Cardiovascular effects, such as transient increases in blood pressure and pulse rate, are common and usually self-limiting. However, Ketamine is contraindicated in individuals for whom a significant rise in blood pressure would constitute a serious hazard, such as those with severe cardiovascular disease or uncontrolled hypertension. Additionally, clinicians should monitor for increased intracranial pressure (ICP) and intraocular pressure in susceptible patients.

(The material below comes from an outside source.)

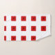 Set of red and white bath towels with leaves
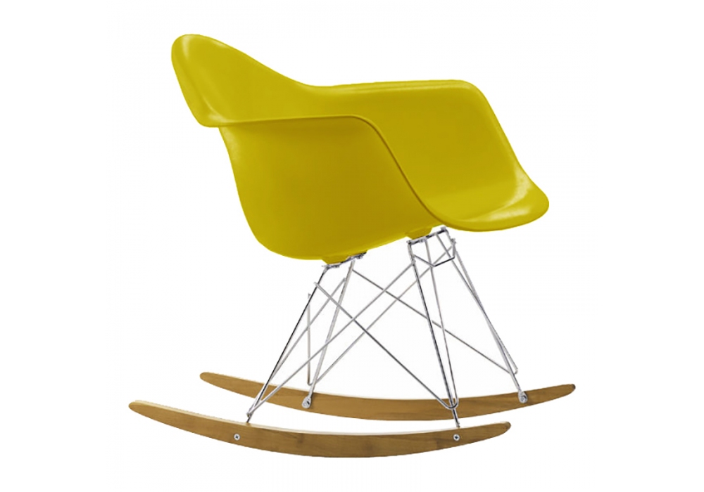 Eames Plastic Armchair RAR conçu par Charles & Ray Eames pour Vitra est un fauteuil à bascule réalisé avec coque en polypropylène moutarde, base en fil d'acier chromé et patins en érable jaune.

Drug Interactions and Chemical Compatibility

Ketalar (Ketamine HCl) Injection 500mg/10mL exhibits specific interactions with other clinical agents. Prolonged recovery times may be seen when used in conjunction with barbiturates or narcotics. It is chemically incompatible with barbiturates and diazepam; therefore, these agents should not be mixed in the same syringe or infusion line, as precipitation will occur.

Regulatory Compliance and Storage Standards

As a CIII controlled substance, the procurement and storage of Ketalar (Ketamine HCl) Injection 500mg/10mL are strictly regulated by the DEA. It must be stored at controlled room temperature between 20° to 25°C (68° to 77°F). Vials must be protected from light and kept in a secure, locked cabinet to prevent unauthorized access. Lyfeunit ensures that every DEA Schedule III Anesthetic provided meets these rigorous compliance benchmarks to maintain the highest levels of professional and technical authority.